Walter James Wolffe  FSAScot FRIAS (born 20 December 1962) is a Scottish advocate who served as Lord Advocate from 2016 to 2021. He previously served as Dean of the Faculty of Advocates from 2014 to 2016, and Vice-Dean of the Faculty of Advocates from 2013 to 2014.

Early life

Walter James Wolffe was born on 20 December 1962 in Dumfries to Alexandra L. Graham and Antony C. Wolffe MBE. He attended Gatehouse Primary School and then Kirkcudbright Academy. Wolffe studied at the University of Edinburgh, graduating with an honours degree in law and a diploma in legal practice. He then went on to study at Balliol College, Oxford to take a Bachelor of Civil Law degree.

Legal career

Early career 

Wolffe trained as a solicitor at a commercial firm in Edinburgh. After qualifying, he worked as Legal Assistant to the Lord President of the Court of Session. After working for a year at Parliament House, Wolffe was admitted as an advocate in 1992. He served as First Standing Junior Counsel to the Scottish Government from 2002 to 2007. Wolffe took silk in 2007, earning the post nominal of QC. He spent ten years practicing in commercial and public law, before serving as full-time prosecutor as Advocate Depute at the High Court of Justiciary from 2007 to 2010. 
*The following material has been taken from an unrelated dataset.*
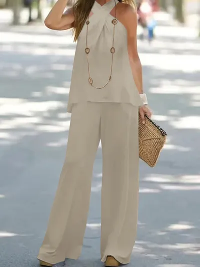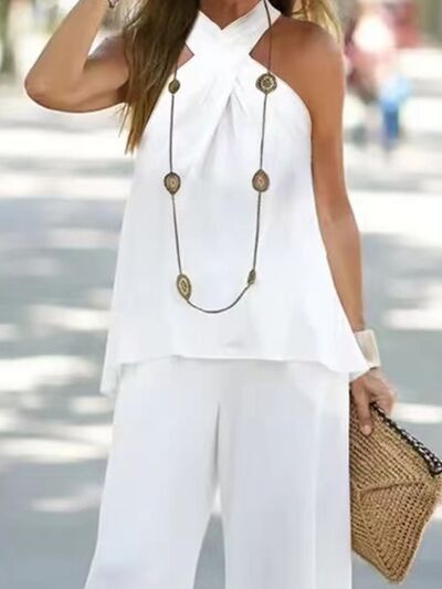 Halter Top and Wide Leg Pants Matching Set

Wolffe has been instructed for cases at all levels, including the Supreme Court of the United Kingdom, the Judicial Committee of the Privy Council and the European Court of Human Rights. He has been called to the bar of England & Wales in 2013.

Dean of the Faculty of Advocates; 2014 to 2016 

Wolffe was elected Vice-Dean of the Faculty of Advocates in February 2013. In February 2014, he was elected Dean of the Faculty of Advocates, replacing Richard Keen. Wolffe was the winner of an election defeating Gordon Jackson QC, Andrew Smith QC and Alan Summers QC. Wolffe is the first Dean to be elected by an electronic vote. Following his election he responded: "It is a great honour to be elected by the Faculty as its Dean. The people of Scotland have been well served by the independent Bar throughout its existence. I look forward to leading the profession during the next chapter of its history."

Lord Advocate 

On 31 May 2016 the Scottish Government announced that First Minister Nicola Sturgeon had recommended Wolffe to the Scottish Parliament for appointment as Lord Advocate by the Queen. His appointment was confirmed by the Scottish Parliament on 1 June 2016.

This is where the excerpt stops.